Methods for a blind analysis of isobar data collected by the STAR collaboration

2021 
In 2018, the STAR collaboration collected data from $$_{44}^{96}{\mathrm{Ru}}+_{44}^{96}{\mathrm{Ru}}$$ and $$_{40}^{96}{\mathrm{Zr}}+_{40}^{96}{\mathrm{Zr}}$$ at $$\sqrt{s_\text {NN}}=200$$ GeV to search for the presence of the chiral magnetic effect in collisions of nuclei. The isobar collision species alternated frequently between $$_{44}^{96}{\mathrm{Ru}}+_{44}^{96}{\mathrm{Ru}}$$ and $$_{40}^{96}{\mathrm{Zr}}+_{40}^{96}{\mathrm{Zr}}$$ . In order to conduct blind analyses of studies related to the chiral magnetic effect in these isobar data, STAR developed a three-step blind analysis procedure. Analysts are initially provided a “reference sample” of data, comprised of a mix of events from the two species, the order of which respects time-dependent changes in run conditions.
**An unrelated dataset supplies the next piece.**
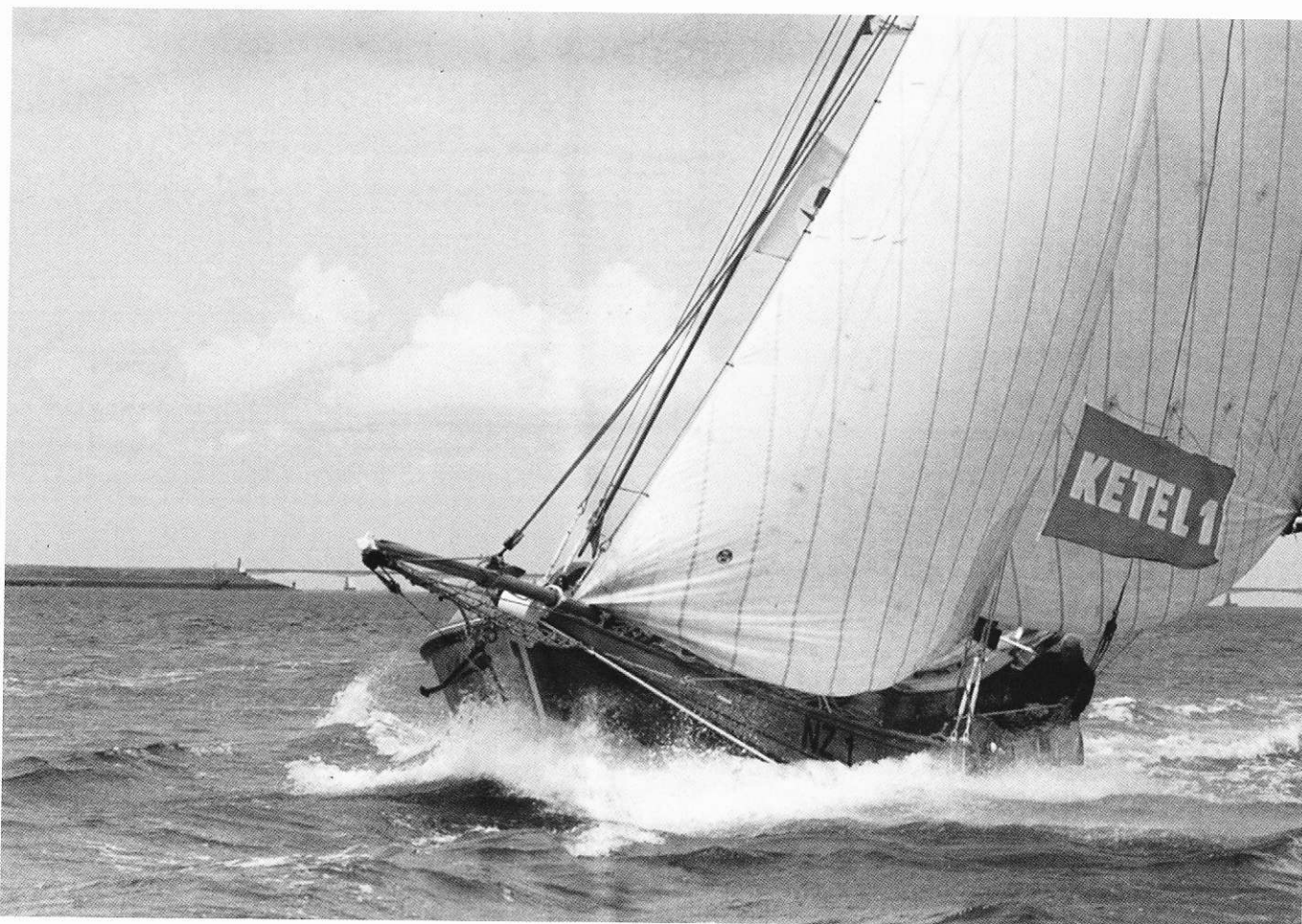
De Banjaard (NZ 1) op de Van Loon hardzeildagen in 2005.

After tuning analysis codes and performing time-dependent quality assurance on the reference sample, analysts are provided a species-blind sample suitable for calculating efficiencies and corrections for individual $$\approx 30$$ -min data-taking runs. For this sample, species-specific information is disguised, but individual output files contain data from a single isobar species. Only run-by-run corrections and code alteration subsequent to these corrections are allowed at this stage. Following these modifications, the “frozen” code is passed over the fully un-blind data, completing the blind analysis. As a check of the feasibility of the blind analysis procedure, analysts completed a “mock data challenge,” analyzing data from $${\mathrm{Au}}+{\mathrm{Au}}$$ collisions at $$\sqrt{s_\text {NN}}=27$$ GeV, collected in 2018. The $${\mathrm{Au}}+{\mathrm{Au}}$$ data were prepared in the same manner intended for the isobar blind data. The details of the blind analysis procedure and results from the mock data challenge are presented.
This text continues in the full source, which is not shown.